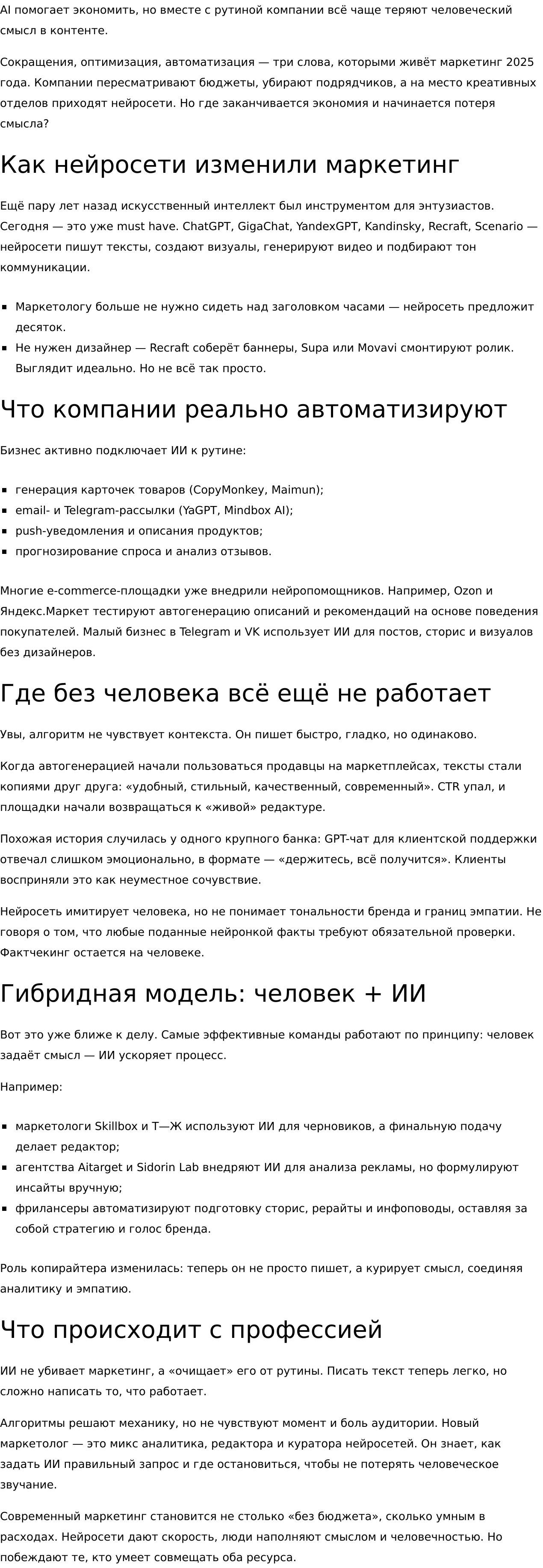 ·SEO-оптимизация без потери читабельности и смысла.
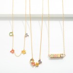 Circle - Triangle - Star - Umbrella Cube Bead Gold Tone Necklace
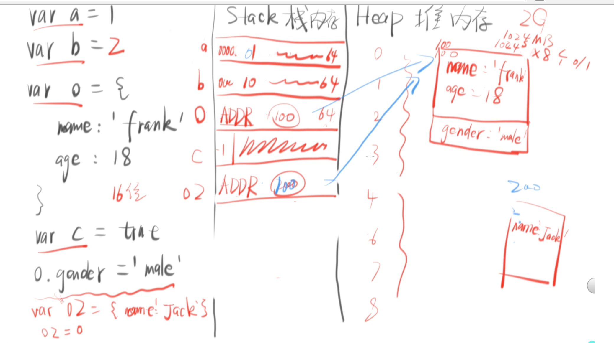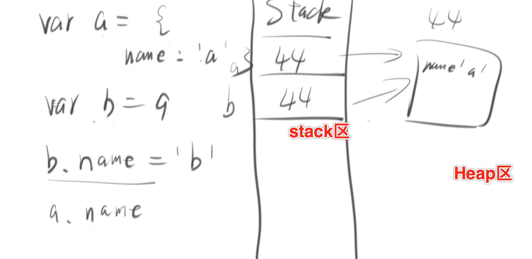因为 我们写下b = a的时候,我们只是把 stack里面a指向的地址复制了一份给b,
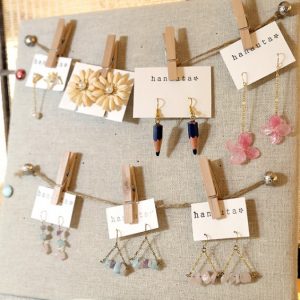 店内では、ハンドメイドアクセサリーも販売している。オーナーの手づくり品はもちろん、作家さんの作品など、オンリーワンの可愛くてお洒落なアクセが並ぶ。自分用にはもちろん、友達へのちょっとしたプレゼントや贈り物にも喜ばれそう☆
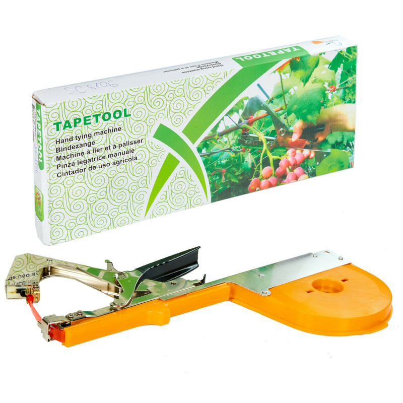 Степлер садовый подвязочный (таппенер) Sakuma SC-8106 – применяется для подвязки винограда, малины, смородины, томатов, огурцов, растений и цветов до ближайшей опоры. Степлер востребован из сада на даче и на приусадебном участке, в теплице, на винограднике, в оранжерее, в больших и небольших частных хозяйствах. Особенности степлера садового подвязочного Sakuma SC-8106: Обеспечивает надежное соединение с опорой, не травмируя стебель растения; Экономит время и силы на подвязку; Имеет защитную резиновую накладку, которая защищает основной узел степлера от случайных ударов и падений; Имеет защитное покрытие деталей от коррозии; Легкий, прочный и простой в использовании; Прост в обслуживании; Не отбрасывает кусочки ленты на землю во время работы. Подвязка растений за секунды, потому что за одно нажатие Таппенер: Охватывает растение и сопротивление лентой; Точно обрезает ленту; Закрепляет два конца ленты между собой специальной скобой. Комплект поставки: Степлер садовый подвязочный Sakuma SC-8106; Дополнительная пружина; Гарантийный талон; Инструкция по эксплуатации; Упаковка – картонная коробка; Скобы и ленты – стандартного типоразмера приобретаются отдельно. Характеристики Производитель: Sakuma Материал: сталь+пластик Назначение: для подвязки Максимальный 55 мм Наружный диаметр бункера для ленты: 85 мм Гарантия: 6 месяцев
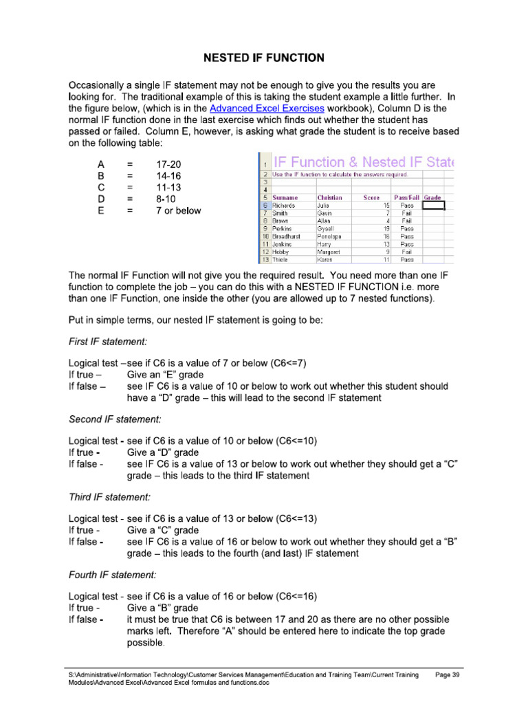 passed or failed. Column E, however, is asking what grade the student is to receive based
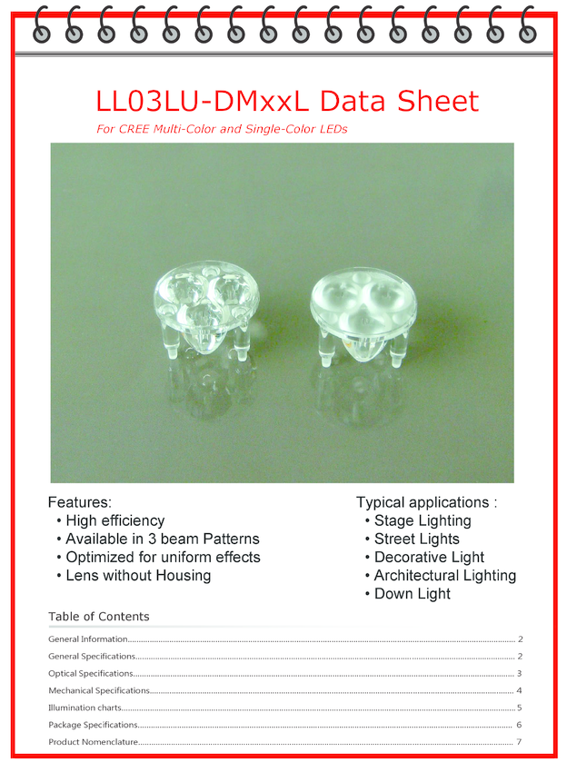 Soczewka LL03LU-DM40L, , do 3 x diod LED High Power CREE seria XP, micro lens, LedLink
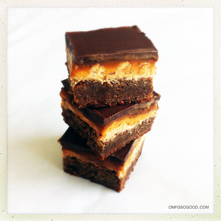 Lately I’ve seen a ton of Snickers Fudge recipes floating around Pinterest. So, I started there, tweaked and refined, then added my own perfect fudgy brownie as foundation… for amazingness.
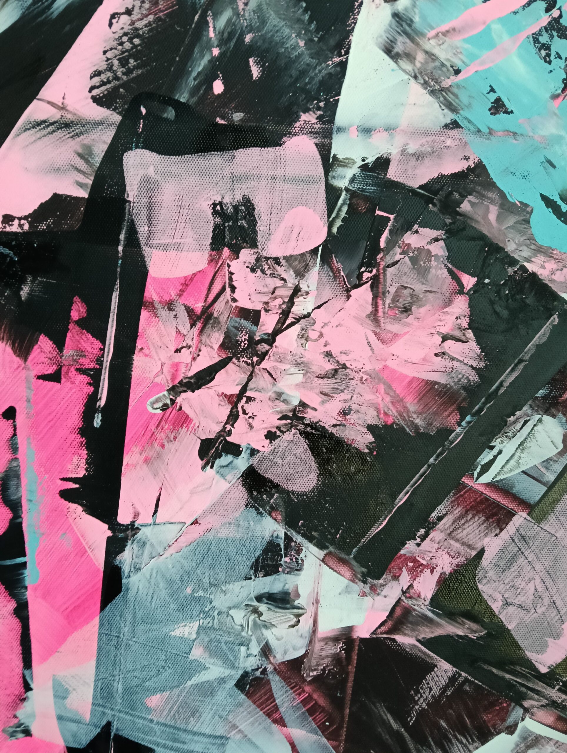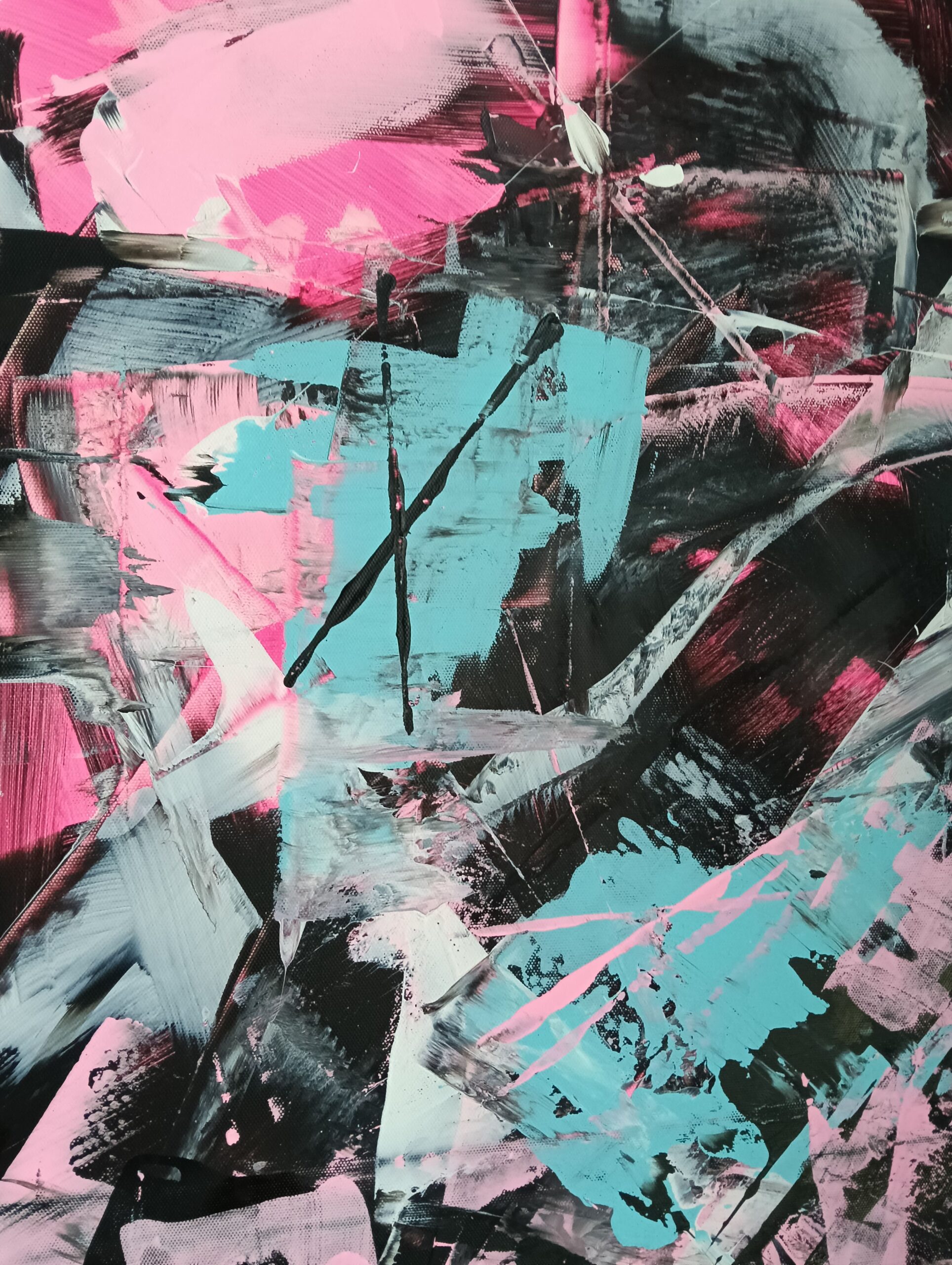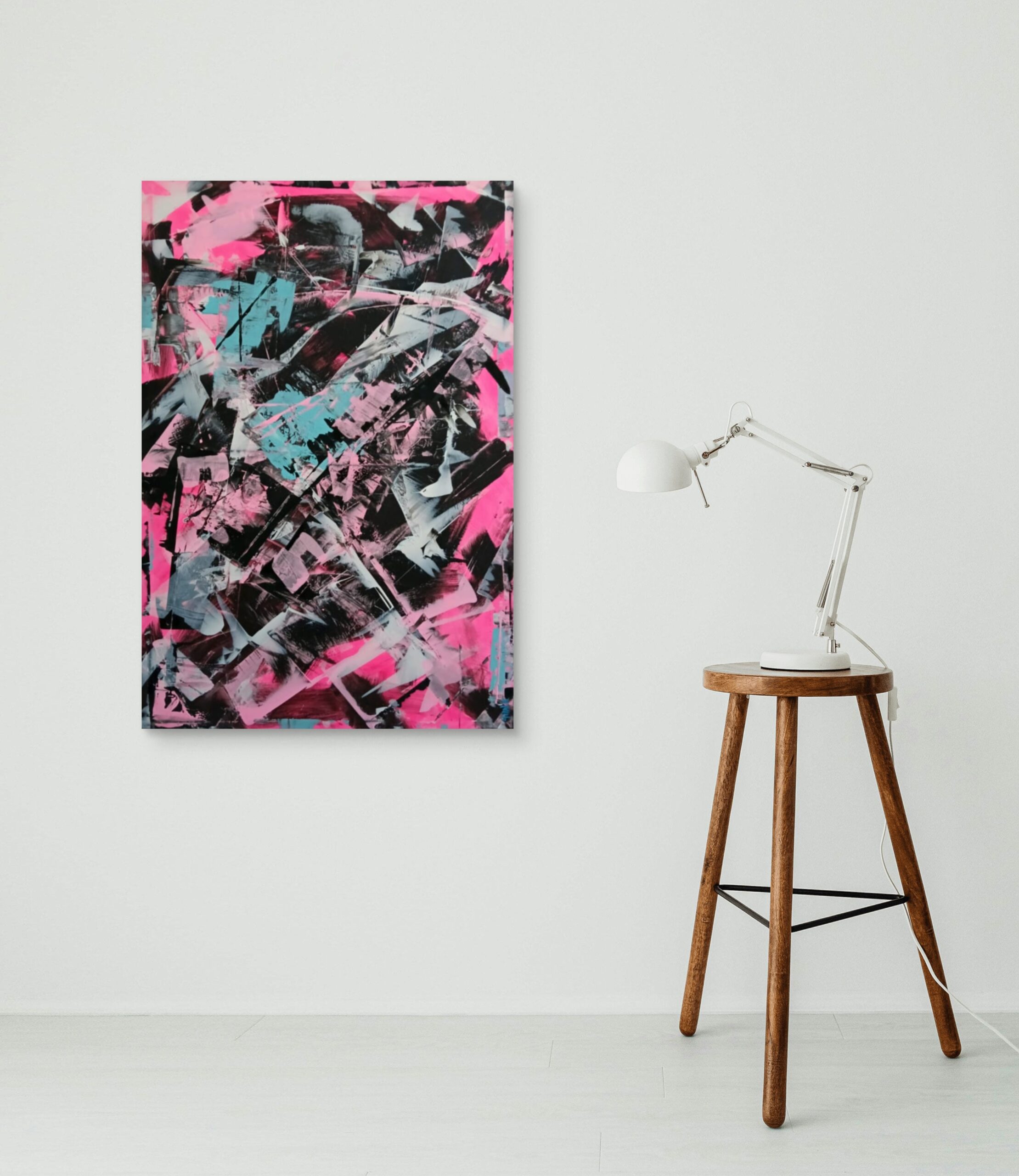 “An Evening In Tokyo Vol.2”- emerges as a captivating abstract composition, embodying the essence of a romantic rendezvous in the heart of Tokyo through a play of shapes and colors.
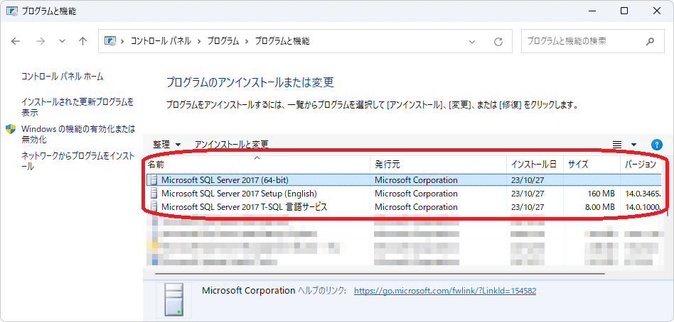 (4)コントロールパネルにインストール途中の一部のMicrosft SQL Server 2017がインストールされていた場合は、先にアンインストールします。念のため、インストール日が作業した日か確認してから実行してください。
+ + +
Only one stretch of the material above is wanted: the line containing "Soczewka LL03LU-DM40L, , do" through the line containing "Lately I’ve seen". Restate it word for word, minus the pictures.

__TASK OUTPUT__.
 Soczewka LL03LU-DM40L, , do 3 x diod LED High Power CREE seria XP, micro lens, LedLink
 Lately I’ve seen a ton of Snickers Fudge recipes floating around Pinterest. So, I started there, tweaked and refined, then added my own perfect fudgy brownie as foundation… for amazingness.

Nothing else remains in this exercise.